Se ami qualcuno, portalo a Verona / perché Verona è la città dell’amore“.

Lo si legge sul sito del Comune veneto che ha saputo tradurre in mito (e soldoni) l’opera di William Shakespeare dedicata alla tragica vicenda di Giulietta e Romeo. Milioni di visitatori ogni anno arrivano da tutto il mondo per vivere in coppia un sogno d’amore percorrendo gli itinerari proposti dalla città. Dal famoso balcone nella presunta casa dei Capuleti, alla casa di Romeo, fino addirittura alla presunta tomba dove Giulietta avrebbe trovato sepoltura. Il tutto nientaltro che una grande trovata novecentesca, un’attrazione turistica costruita su una semplice leggenda nemmeno originale (Shakespeare trovò ispirazione in una novella scritta un secolo prima, ambientata a Siena e legata ad un altro tragico amore, quello tra Giannozza e Mariotto). Ma quello che conta non è tanto il reale, la verità. L’amore stesso non è altro che un sogno e Verona ha saputo diventare essa stessa il sogno da vivere in due, richiamando appunto migliaia di coppie innamorate ogni anno. Insomma, Verona si conferma città d’amore  e oltre all’amore e ai luoghi cantati da Shakespeare, propone anche altri amori in particolare quello di Liang ShanBo e Zhu YingTai (definiti Giulietta e Romeo dell’Oriente) dei quali possiamo ammirare la statua fuori dal cortile all’ingresso della Tomba di Giulietta. Una storia dolcissima (e altrettanto tragica) che riprendiamo dal sito Associna.

Si narra che verso il 500 D.C. in una cittadina dello ZheJiang vivesse una fanciulla bella ed intelligente.

Fin da piccola aveva studiato con i fratelli e diventata grande voleva continuare a studiare ma in quell’epoca le scuole erano aperte solo per gli uomini. Allora la fanciulla, di nome Zhu YingTai si travestì da uomo e convinse il padre a mandarla nella famosa città di HangZhou a studiare. Il padre, dopo le mille insistenze dell’amata figlia, acconsentì, seppur a malincuore.

E così YingTai partì alla volta della città con la sua ancella anch’ella travestita da uomo. Durante il viaggio incontrarono, in un padiglione costruito per i viandanti, un giovane bello e gentile, anch’egli andava ad HangZhou per studiare. I due giovani ben presto diventarono amici e decisero, prima di arrivare in città, di fare una cerimonia che li avrebbe legati più di due fratelli, per caso passavano su un grazioso ponticello, s’inginocchiarono e fecero la cerimonia.

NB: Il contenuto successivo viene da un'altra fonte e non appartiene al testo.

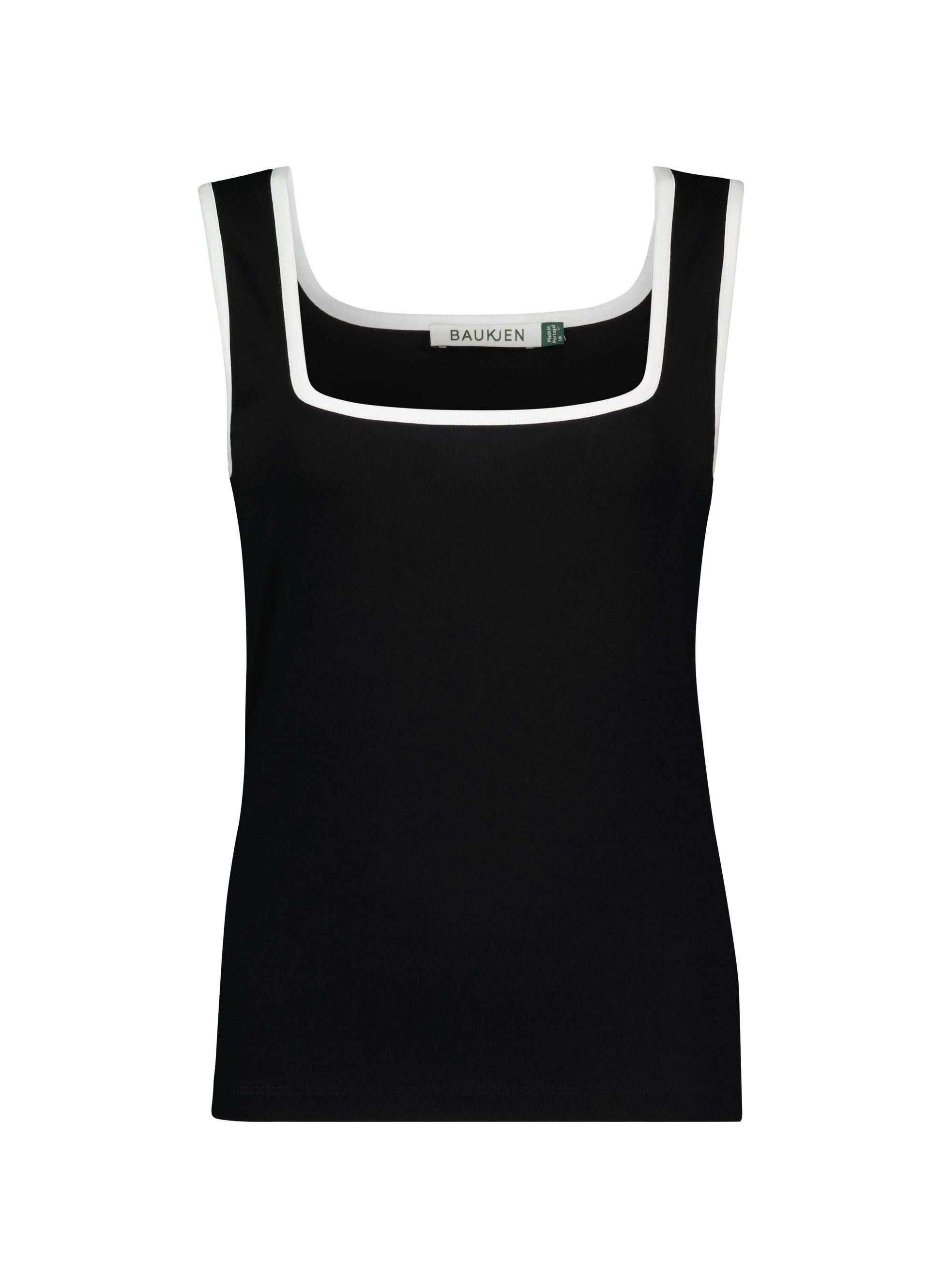 If vest tops are a staple for you in the warmer months, then Ellie is for you. This style in soft and stretchy jersey is elevated with contrast binding and a square neckline which frames the chest. Cut with wide straps to accommodate a bra, it will add a touch of easy elegance to jeans and shorts.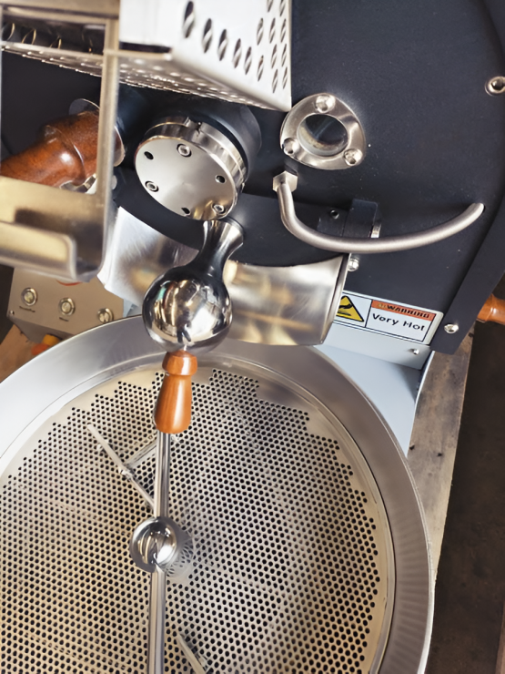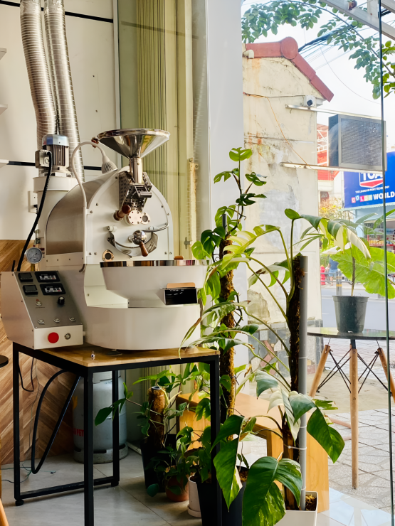 - Rang thử tại xưởng rang cà phê quy mô nhỏ.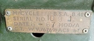BSA WD B40 Contract Plate 1967
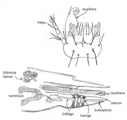 As Quelíceras em Acari são órgãos primários para aquisição de comida, usualmente adaptadas para mastigação, perfuração, dilaceração e sucção. Quanto à movimentação das quelíceras, a redução é mediada por músculos retratores que saem da parede dorsal do gnatossoma, enquanto a sua extrusão é guiada por pressão hidrostática gerada pela contração dos fortes músculos dorsoventrais idiossomáticos. A variação na morfologia da quelícera entre e dentro os grupos de Acari reflete na grande diversidade de hábitos alimentares e modos de vida da subclasse.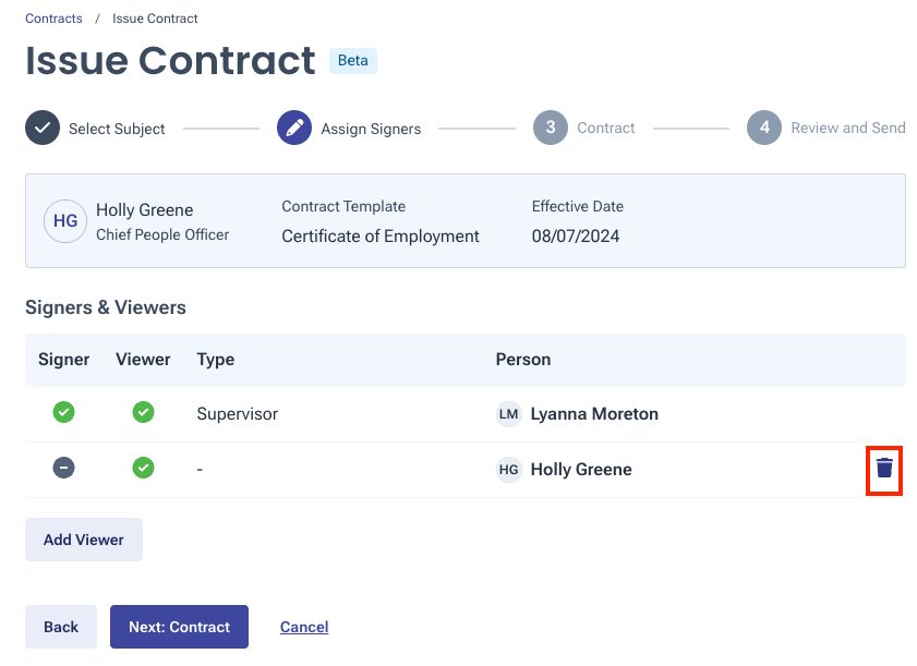 - Issuing a Contract: We've made a slight change to issuing contracts. If the subject of a contract is not a signer, they will be automatically added as a viewer. You can remove them as a viewer by selecting the "Remove" Symbol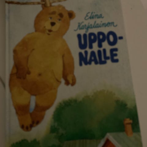 Elina Karjalaisen Uppo-Nallen juhlakirja -lastenkirja. Kovakantinen painos vuodelta 2000, kuvitus Hannu Taina.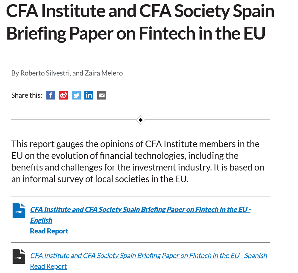 En la encrucijada de una revolución financiera, el CFA Institute y CFA Society Spain presentan un intrigante informe que revela las predicciones y desafíos que las FinTech y la tecnología blockchain imponen en el sector financiero europeo.
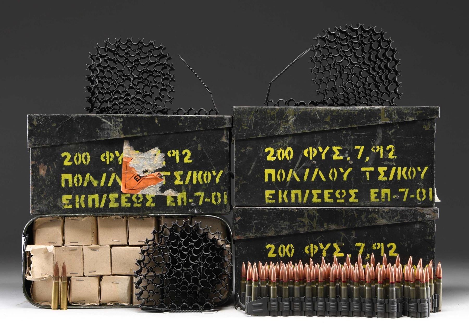 ZB37 MACHINE GUN BELTS. Lot of Romanian 8mm Mauser ammunition and Czech ZB37 machine gun belts, including: 1) 1 opened spam can of Romanian 8mm Mauser ammunition containing approx. 380-rds. of ammunition. 2) 2 loaded 100-rd. belts of assorted 8mm Mauser ammunition on Czech ZB37 belts, each with ammo can, 3) 1 100-rd. belt (approx. 90-rds. remaining) of assorted 8mm Mauser ammunition on a Czech ZB37 belt, with ammo can. 4) 21 unloaded Czech ZB37 machine gun belts. CONDITION: good, with belts all appearing serviceable. All boxes of ammunition remain sealed, save for one, which has been opened to verify contents. PROVENANCE: From the Estate of Ivan Lee Shapiro. (02-23495-59/MLW). AMMO. $300-500.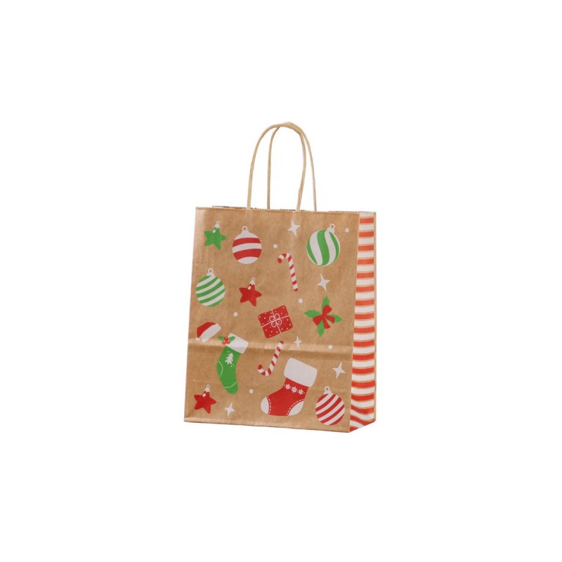 Punga cadou Craciun Colorarte 27665, B5, 18x22x8cm, 90g/mp, kraft, manere din hartie rasucita, motive Craciun globulete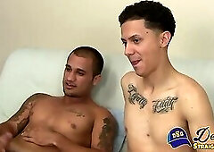 Latino horny studs Rafael and Alex helped each other to launch a big spurt into thin air
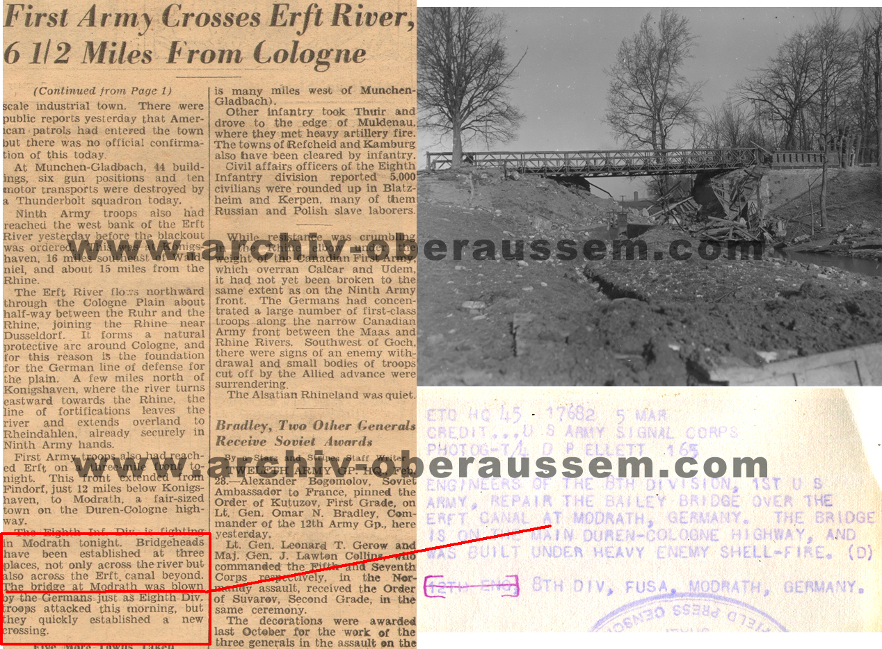 Um den Nachschub in Richtung Neuss zu sichern wurde dann am 3. März eine 60ft. D/S Bailey Bridge bei Bedburg vom 324th Armored Engineer Battalion, C Bn, gebaut.

Arrivati in città i due amici naturalmente entrarono nella stessa scuola. Condividevano la stessa stanza e lo stesso letto. YingTai era sempre vestita da uomo ma aveva paura di essere scoperta, soprattutto di notte, escogitò allora uno stratagemma: ogni notte metteva un’ampolla d’acqua in mezzo al letto tra lei e ShanBo, di modo che se fosse successo qualcosa l’ampolla si sarebbe rovesciata e l’avrebbe bagnata svegliandola. Ma non successe mai niente.


L’amicizia tra i due giovani diventava sempre più profonda e YingTai a poco a poco si innamorò dell’amico. Ma non poteva rivelargli la sua vera identità, la fanciulla infatti si vergognava e in quel periodo la donna non poteva rivelare per prima l’amore. Solo che ShanBo non aveva la minima idea che l’amico in realtà fosse una donna e non provava per lei che pura amicizia. La sola persona che sapeva la verità era la moglie del loro maestro a cui YingTai si era rivolta per conforto e consiglio.

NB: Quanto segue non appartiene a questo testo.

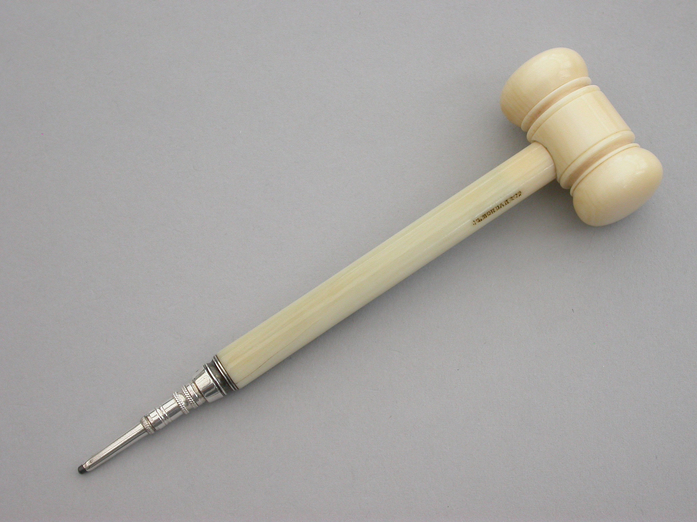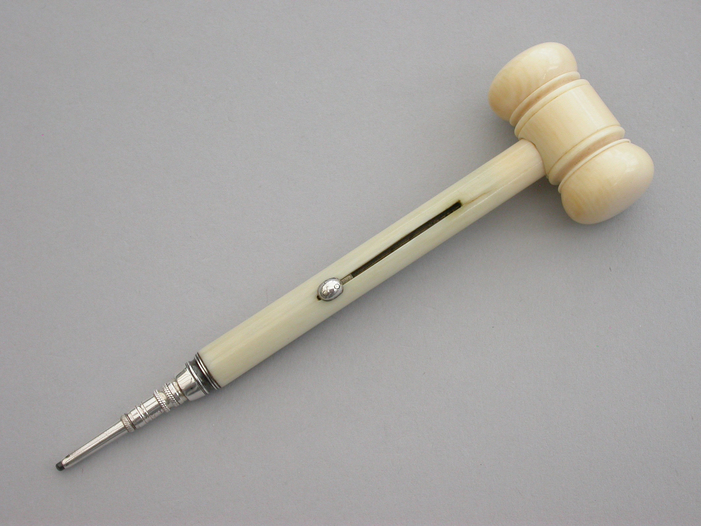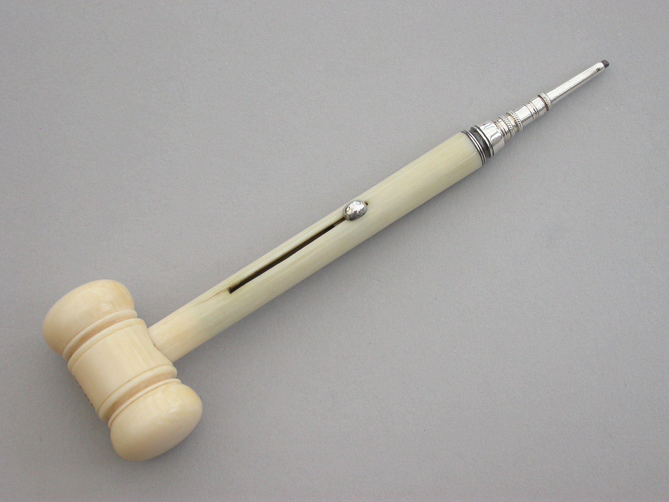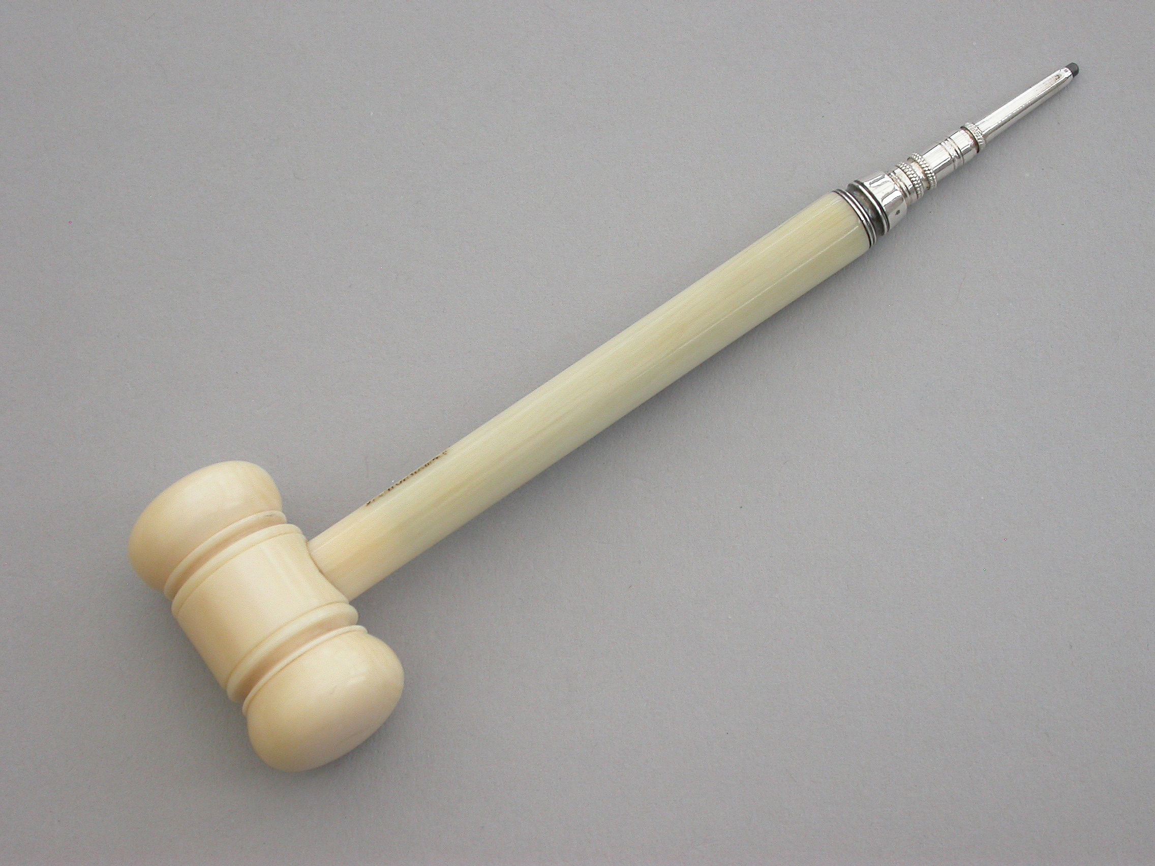A rare Victorian novelty silver mounted ivory Propelling Pencil made in the form of an Auctioneers Gavel, with push button sliding mechanism to open.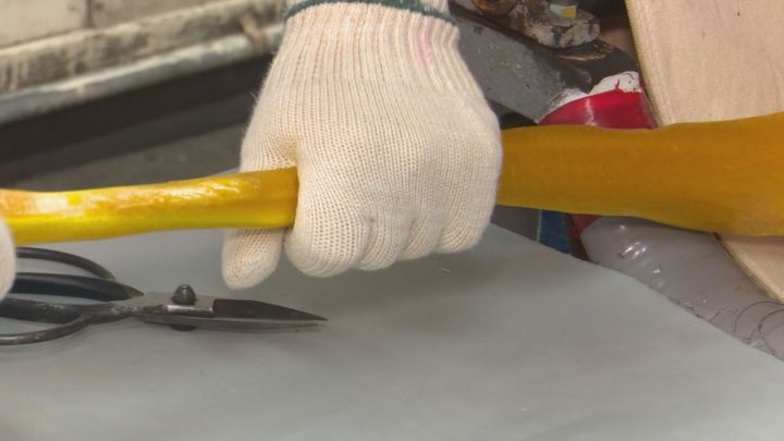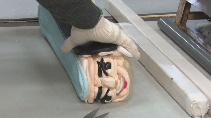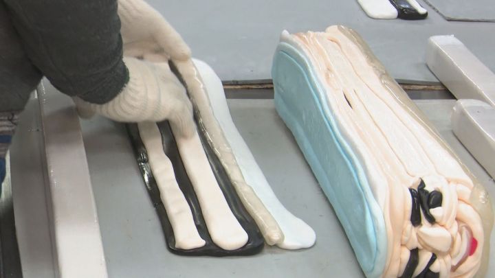 製造工程を見せてもらいました。様々な色の長い飴を組み合わせて…。

Passarono tre anni e il padre di YingTai le ordinò di tornare a casa perch? era ormai tempo che lei andasse in sposa. YingTai non potè fare altro che obbedire. ShanBo l’accompagnò per un lungo tratto, nessuno dei due voleva separarsi dall’altro e YingTai per tutto il tragitto escogitò tutti i mezzi che le venivano in mente per far capire a ShanBo che in realtà lei era una donna e che lo amava. Avrebbe voluto sapere se anche lui provava lo stesso sentimento e se era disposto a prenderla in sposa. Ma lui non capì e alla fine si separarono. YingTai era disperata.

ShanBo tornato alla scuola era molto abbattuto e ripensava alle strane parole che YingTai gli aveva rivolto e a tutte le strane situazioni in cui si erano trovati in quei tre anni, ma non riusciva a capire. La moglie del maestro, che passava per caso, lo vide, e commossa dalla loro storia raccontò a ShanBo la verità. Tutti i pezzi del puzzle andarono al loro posto e a poco a poco ShanBo si rese conto che il sentimento che provava per YingTai era profondo amore. Parti’immediatamente per raggiungere la fanciulla e chiederla in sposa.

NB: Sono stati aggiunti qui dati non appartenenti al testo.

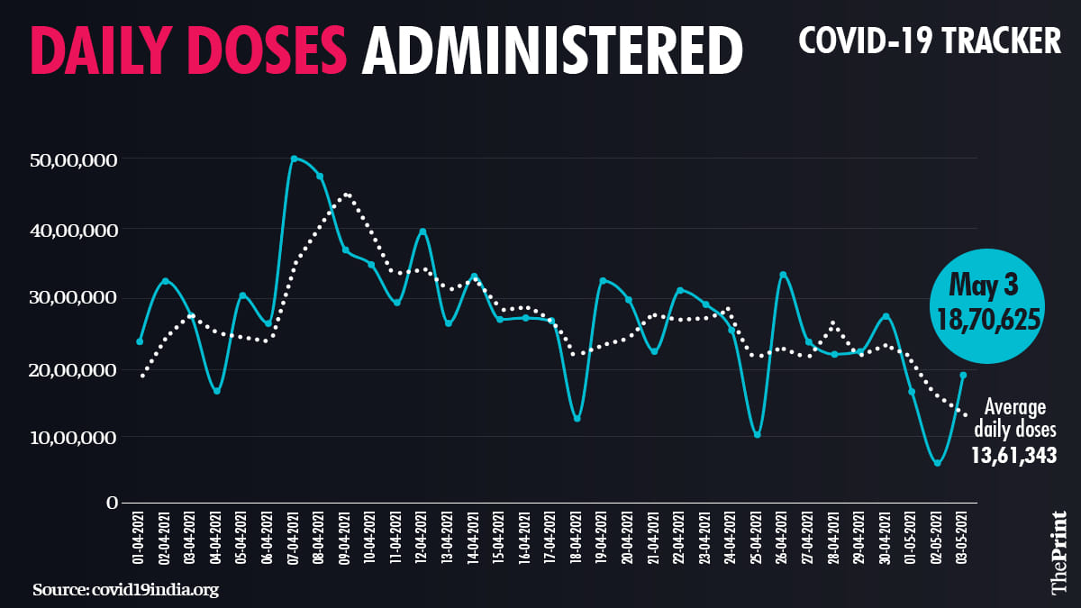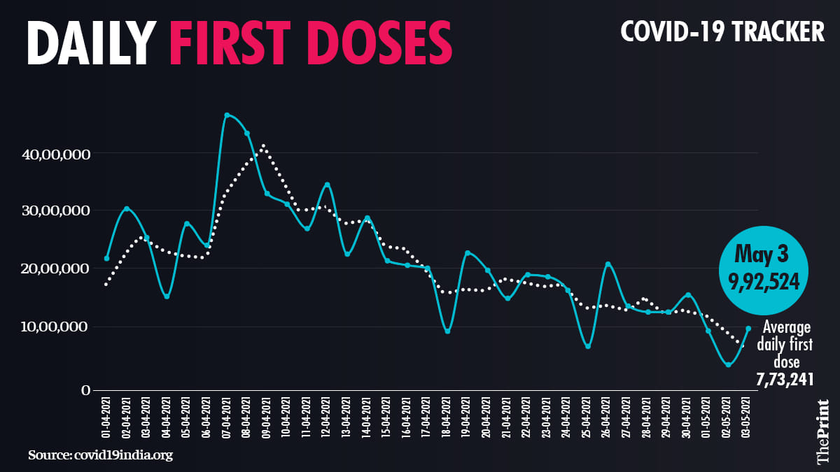 For instance, just 9,92,524 people across India got their first dose on 3 May. Here too, the average number of people getting their first shot is declining.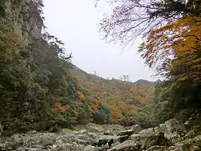 Chōmonkyō Prefectural Natural Park (長門峡県立自然公園, Chōmonkyō kenritsu shizen kōen) is a Prefectural Natural Park in central Yamaguchi Prefecture, Japan. Established in 1962, the park spans the borders of the municipalities of Hagi and Yamaguchi.[1][2]

Purtroppo, quando arrivò davanti al padre di YingTai si vide rifiutato con violenza: il clan dei Liang era povero mentre il clan dei Zhu era ricco, mai il padre avrebbe acconsentito ad una simile unione! Liang ShanBo e Zhu YingTai ebbero un ultimo colloquio, angosciato e pieno di dolore e nostalgia sul balcone della fanciulla e poi ShanBo dovette andarsene. Appena fuori dalla stanza della fanciulla, venne acciuffato dai servi e sbattuto fuori di casa.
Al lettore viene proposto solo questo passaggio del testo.